Would you give again, exactly as written, the lines from the opening of the records to the line with "This 44 inch", that line included and pictures excluded?

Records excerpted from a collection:
___
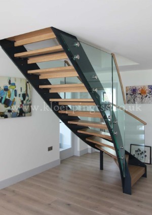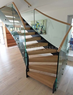 Key features include: •Quarter turn staircase with winder steps •Powder-coated mild steel stringers •Powder-coated support post in corner •Solid European oak treads with folded nosing at front edge •Open risers •Frameless toughened and laminated glass balustrade on both sides •Round glass clamps in brushed stainless steel •Round section hardwood handrail, mounted on top of glass on both sides |
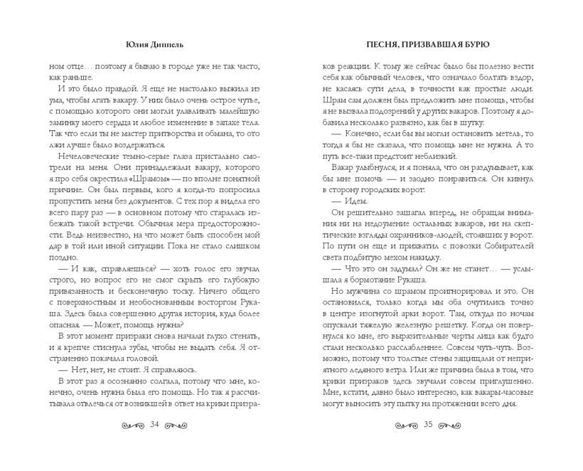 В «Песне, призвавшей бурю» немецкая писательница открывает врата в кинематографично реальный фэнтезийный мир с магическими созданиями, мрачными интригами, трепетной историей любви и ненависти девушки-кидхи Синты и вакара Арезандера. А еще здесь совершено кровавое убийство, плата за раскрытие которого для героев окажется непомерной…Кидхи — магические создания, чья кровь смешана с одемом. Это особая энергия — подарок богов — дарует кидхам необычную внешность и магические способности. В мире Диппель есть светлые и темные кидхи. Темные сильнее в тени ночи, а светлые в свете дня. К ним относятся и ониды, грациозные создания, способные околдовать странника песней, в строках которой заключены желания. Арезандер подозревает, что Синта — одна из них.
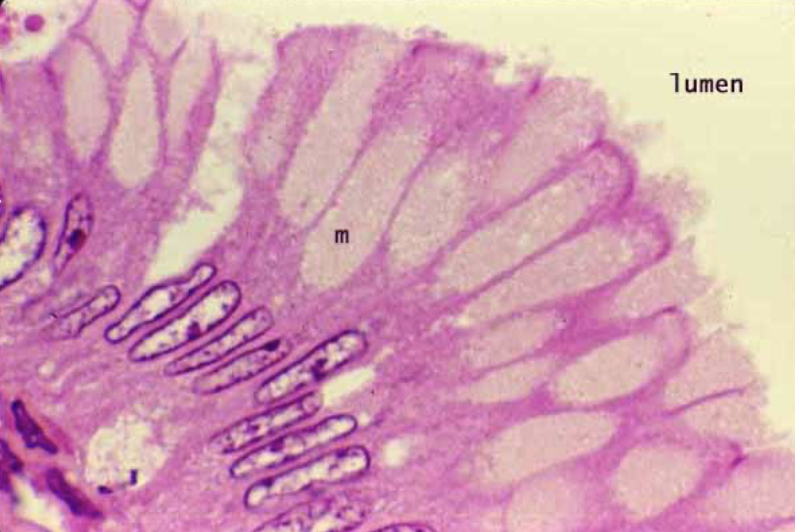 Till skillnad från andra mukösa celler så är cellkärnan inte tryckt mot cellens BM utan lokaliserad ganska centralt
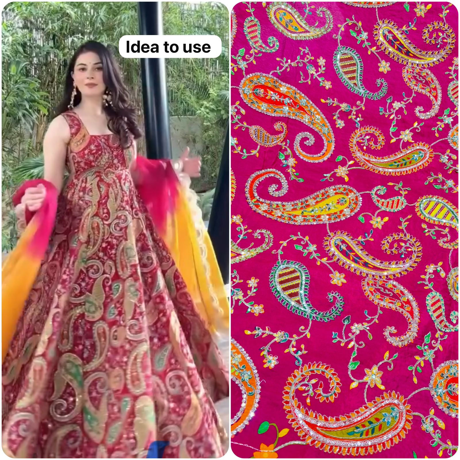 This 44 inch width fabric is perfect for creating stunning suits, lehngas, gowns, and coordination sets. The intricate
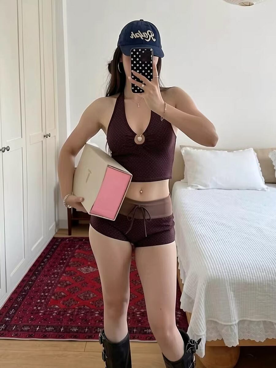 水着 ビキニ タンキニ ブラウンレッド ドットホルターネックビキニ 茶色 赤茶色 レンガ色 ハイウエスト サイドリボン チャーム付き キーホール ホルターネック ボーイレッグ 露出控えめ 露出少なめ 肌見せ少なめ 洋服みたい ガーリー レトロ フェミニン 水玉 ドット ドットプリント かわいい 体型カバー パッド付き ノンワイヤー ワイヤーなし スポーティ 水遊び 大人可愛い きれいめ 華やか おしゃれ スタイリッシュ 美脚 脚長 韓国コーデ 韓国ファション
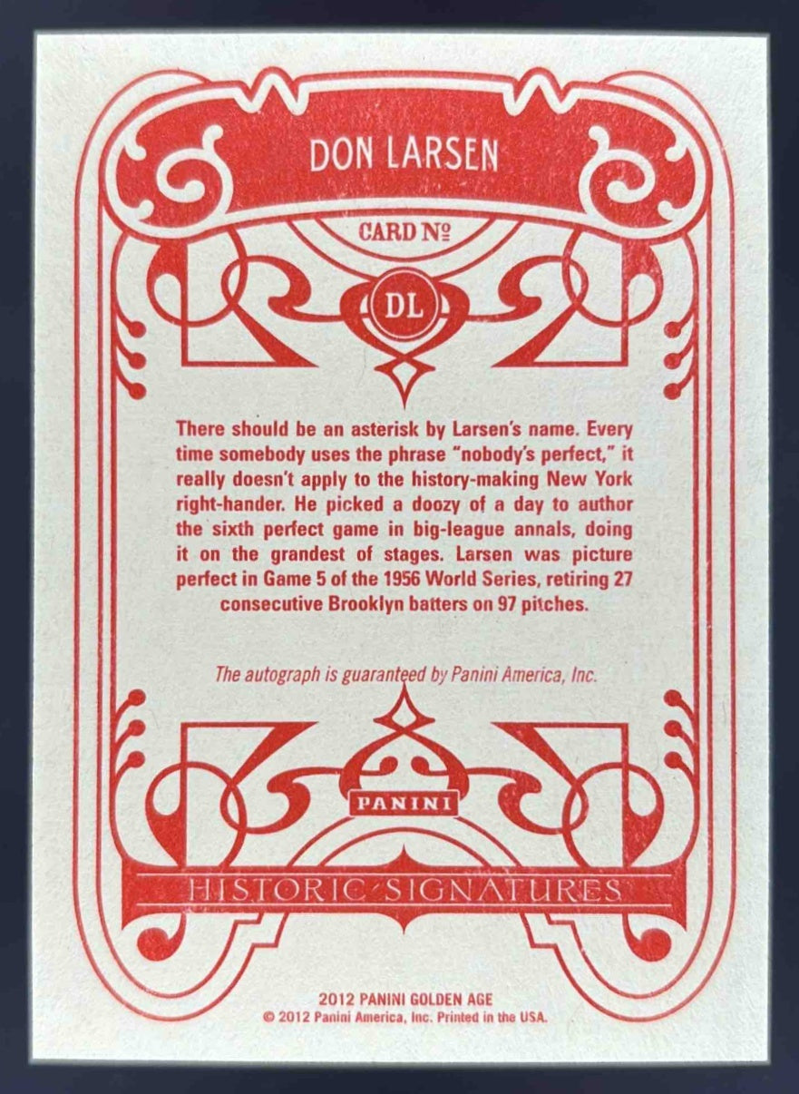 2012 Panini Golden Age Historic Signatures #DL Don Larsen Autograph Auto
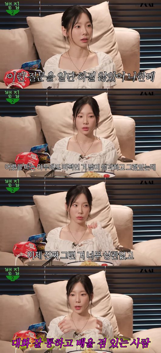 태연은 "어릴 때는 아무래도 외적인 걸 많이 생각하고 보여지는 걸 생각했다. 이제 그런 거 상관 없고 대화 잘 통하고 배울 점 많은 사람이 좋다. 그럼 내가 최선을 다한다"고 솔직히 이야기했다.
___
> _TASK RESULT_
 Key features include: •Quarter turn staircase with winder steps •Powder-coated mild steel stringers •Powder-coated support post in corner •Solid European oak treads with folded nosing at front edge •Open risers •Frameless toughened and laminated glass balustrade on both sides •Round glass clamps in brushed stainless steel •Round section hardwood handrail, mounted on top of glass on both sides |
 В «Песне, призвавшей бурю» немецкая писательница открывает врата в кинематографично реальный фэнтезийный мир с магическими созданиями, мрачными интригами, трепетной историей любви и ненависти девушки-кидхи Синты и вакара Арезандера. А еще здесь совершено кровавое убийство, плата за раскрытие которого для героев окажется непомерной…Кидхи — магические создания, чья кровь смешана с одемом. Это особая энергия — подарок богов — дарует кидхам необычную внешность и магические способности. В мире Диппель есть светлые и темные кидхи. Темные сильнее в тени ночи, а светлые в свете дня. К ним относятся и ониды, грациозные создания, способные околдовать странника песней, в строках которой заключены желания. Арезандер подозревает, что Синта — одна из них.
 Till skillnad från andra mukösa celler så är cellkärnan inte tryckt mot cellens BM utan lokaliserad ganska centralt
 This 44 inch width fabric is perfect for creating stunning suits, lehngas, gowns, and coordination sets. The intricate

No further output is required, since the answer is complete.